Microsoft AI Announces Three New Multimodal Models: MAI-Transcribe-1, MAI-Voice-1, and MAI-Image-2
Key Takeaways
- ▸Three new multimodal AI models (transcription, voice, and image generation) are now available in Microsoft Foundry with significant performance improvements over existing offerings
- ▸MAI-Transcribe-1 delivers 2.5x faster transcription speeds across 25 languages; MAI-Voice-1 generates realistic speech with custom voice creation; MAI-Image-2 provides 2x faster image generation
- ▸Models are priced competitively compared to cloud providers and prioritize efficiency gains without sacrificing quality
Summary
Microsoft AI has announced three new advanced models available through Microsoft Foundry: MAI-Transcribe-1 for speech-to-text transcription, MAI-Voice-1 for voice generation, and MAI-Image-2 for image generation. MAI-Transcribe-1 delivers state-of-the-art performance across 25 languages with 2.5x faster batch transcription speeds than existing Azure offerings. MAI-Voice-1 enables custom voice creation from just seconds of audio and can generate 60 seconds of speech in a single second, while MAI-Image-2 provides 2x faster image generation with improved quality for creative professionals.

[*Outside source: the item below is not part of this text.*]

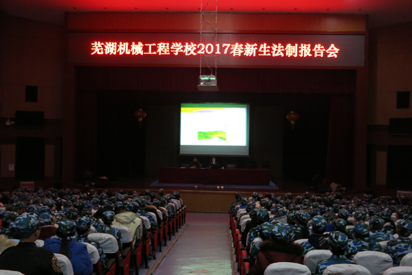 为进一步增强2017春新入学学生的法制观念,根据军训科目安排,元月9日晚,芜湖机械工程学校在多功能报告厅开展法制宣传教育活动。学校邀请到繁昌县人民检察院公诉科副科长王志江为学生做了题为《树立正确的价值观,自觉抵制违法犯罪》的法制讲座。
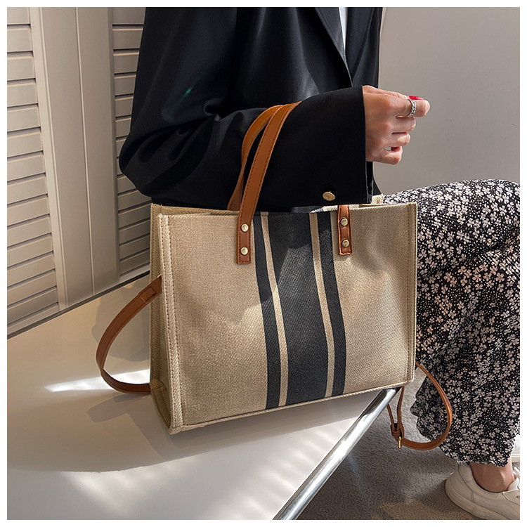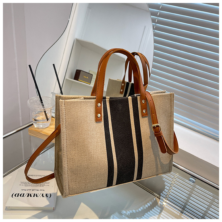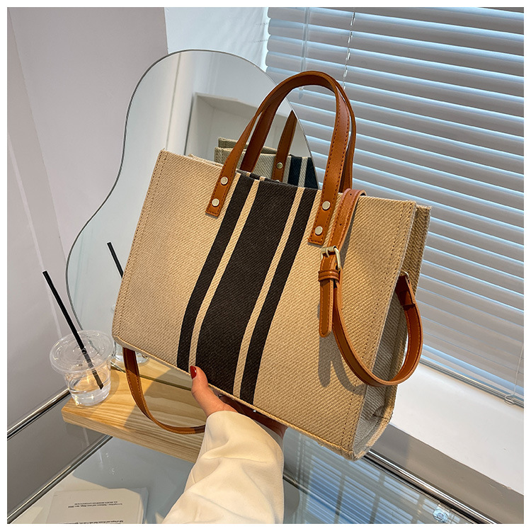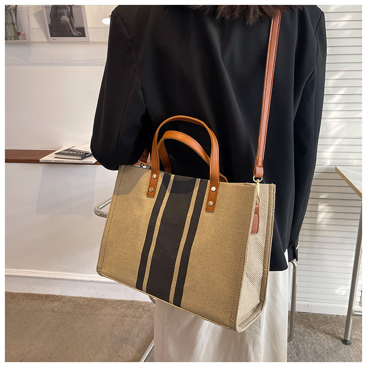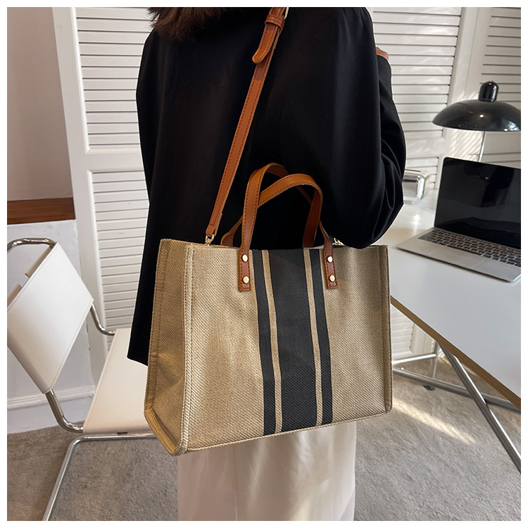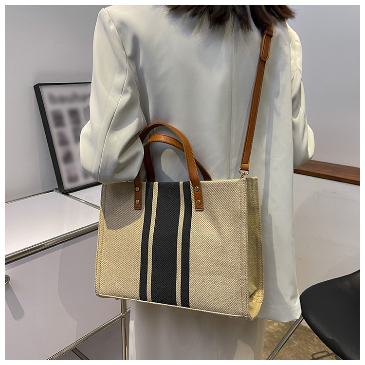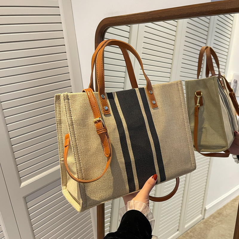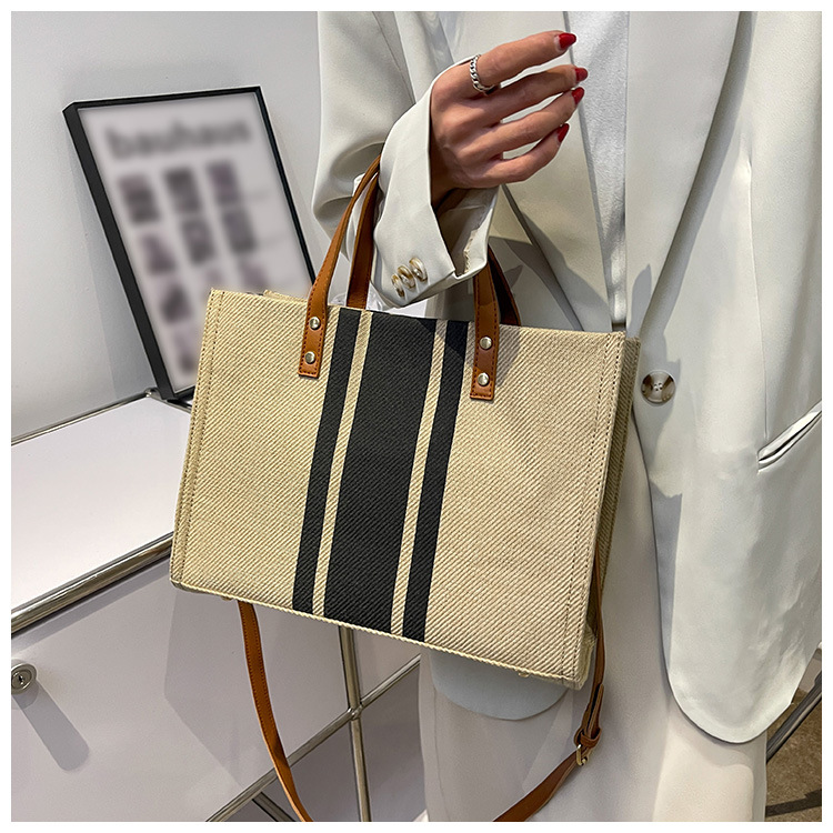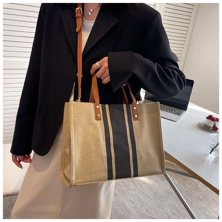 • 2024 春の新ポータブルブリーフケースプロフェッショナル通勤ストライプシンプルショルダー大容量キャンバスバッグ

All three models are positioned as offering superior performance compared to competitors at competitive pricing tiers. MAI-Transcribe-1 starts at $0.36 per hour, MAI-Voice-1 at $22 per million characters, and MAI-Image-2 at $5 per million tokens for text input and $33 per million tokens for image output. Early enterprise adoption includes WPP, a major marketing and communications group, which is already utilizing MAI-Image-2 for campaign-ready creative work at scale.
- Early enterprise adoption from WPP demonstrates commercial viability for creative and marketing applications
Editorial Opinion
Microsoft's announcement of these three new models represents a significant push to democratize access to high-quality multimodal AI capabilities through Foundry. The emphasis on balancing speed, quality, and affordability directly challenges competitors by removing the traditional trade-offs developers face. If the performance claims hold up in production environments, this could accelerate enterprise adoption of AI-powered features across voice, transcription, and image generation use cases.